Working on a new project that utilizes cfhttp to make a call to a remote site. The authentication to this site uses a unique account key that is passed in the url. This key is decrypted and passed in at the time of the cfhttp call. I'm able to make calls without any issues (get, put, post, etc) but upon reviewing logs(http.log and coldfusion-out.log), I noticed the account key is saved in plain text. I tried placing the key into a cfhttpparam as a type url but the log still reveals the same plain text key.

 

I would like to prevent the key from being "stored/logged" anywhere for obvious reasons. Is there some way to modify the logging level? Any way to modify the logs if a certain string is found? Maybe some other method that I should use?

 

I appreciate any advice.

This topic has been closed for replies.

1 reply

BKBK
Community Expert
BKBKCommunity Expert
Community Expert
May 1, 2023

Let's first get one thing out of the way.

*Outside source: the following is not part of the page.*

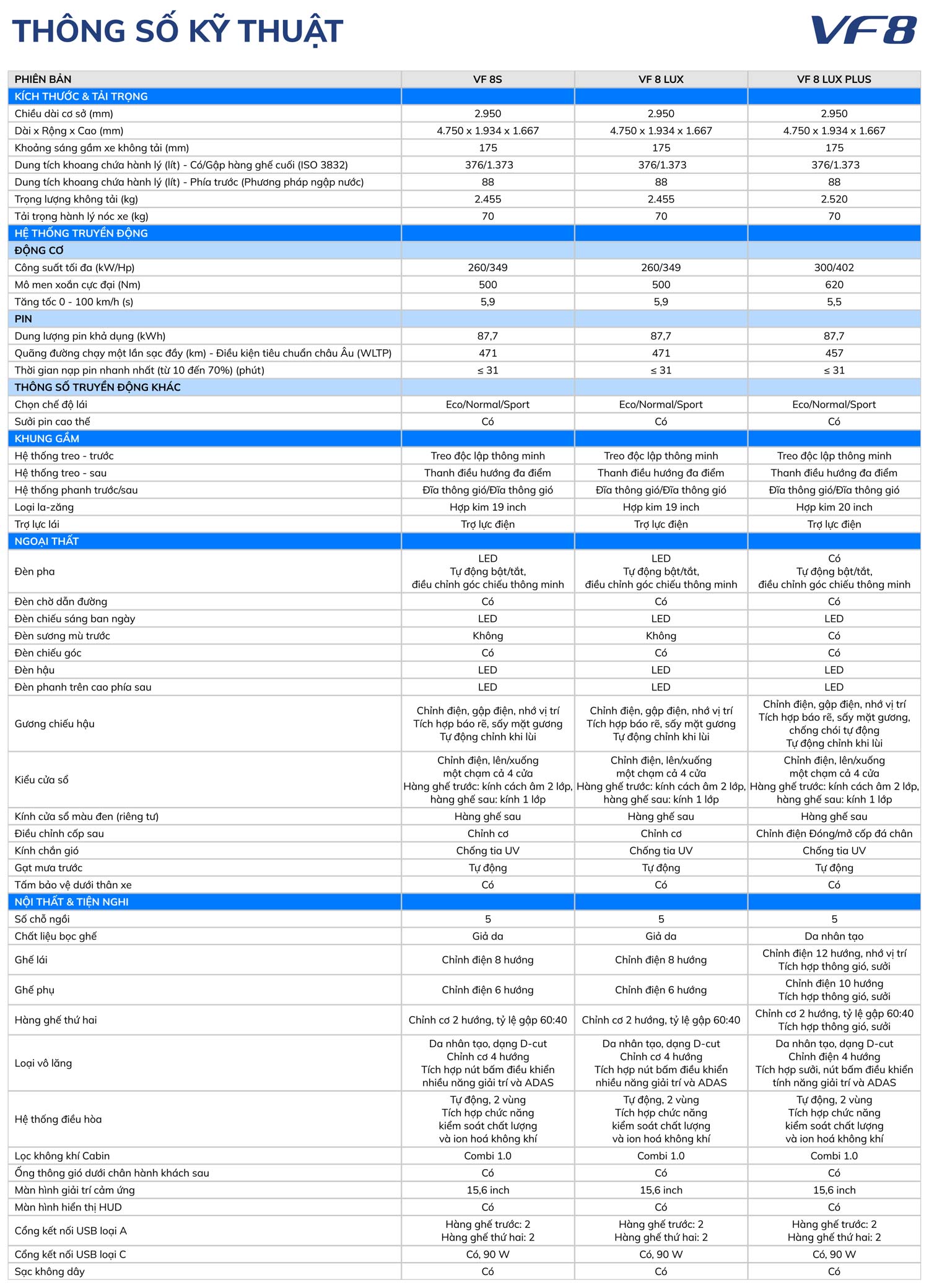 VinFast VF 8 với thiết kế mới sang trọng và công nghệ vượt trội. Với nhiều điểm nổi bật: ngoại thất nhiều màu, công nghệ trợ lý ảo Vivi 2.0 mới, ADAS và VF Connect. VinFast VF 8 có hai tùy chọn là phiên bản VF 8 Eco và phiên bản VF 8 Plus, trong đó phiên bản VF 8 Eco được trang bị động cơ điện có công suất 350 mã lực, đi được quãng đường 471km/lần sạc đầy, trong khi phiên bản VF 8 Plus có sức mạnh lên tới 402 mã lực, đi được quãng đường 457km/lần sạc đầy.

Placing a key into a cfhttpparam of type url is the same as appending Key=Value to the URL after the question-mark.

 

The behaviour you observe - logging of URL requests, including URL parameters - is so by design. Not only in ColdFusion. That is typical of every application server.

 

You will see that behaviour in browsers, too. They will save the entire URL request, including query-string, in their history. Cfhttp is essentially a browser. 

 

The moral is clear. You should

  1. Pass the key in the body of the cfhttp request, instead of as URL parameter, if you don't want the key to be logged.
  2. Use HTTPS, if you don't want unauthorized access to the URL data during the request.
  3.  Use file or directory permissions to restrict access to the ColdFusion logs, if you have no choice but to use URL parameters. 

 

These two resources offer you more information:

https://stackoverflow.com/questions/2629222/are-querystring-parameters-secure-in-https-http-ssl

https://blog.httpwatch.com/2009/02/20/how-secure-are-query-strings-over-https/

 

A
anthonyh10294258Author
Participant
May 5, 2023

Thank you for the response, I appreciate the infomation you gave. That all makes sense. It sounds like there is no way to improve upon what I'm already doing, unless I'm given another way to authenticate from our vendor. 

 

I'm still suprised that there isn't a way to create filters for these logs, or adjust the logging level.

BKBK
Community Expert
BKBKCommunity Expert
Community Expert
May 9, 2023

I do believe that it is possible to create filters for the logs. But you probably will have to tinker with the underlying Java classes. For example, classes like java.util.logging.Filter, java.util.logging.Logger and java.util.logging.LogRecord.

 

Search the WWW. You might find code examples or even complete log-filtering tools.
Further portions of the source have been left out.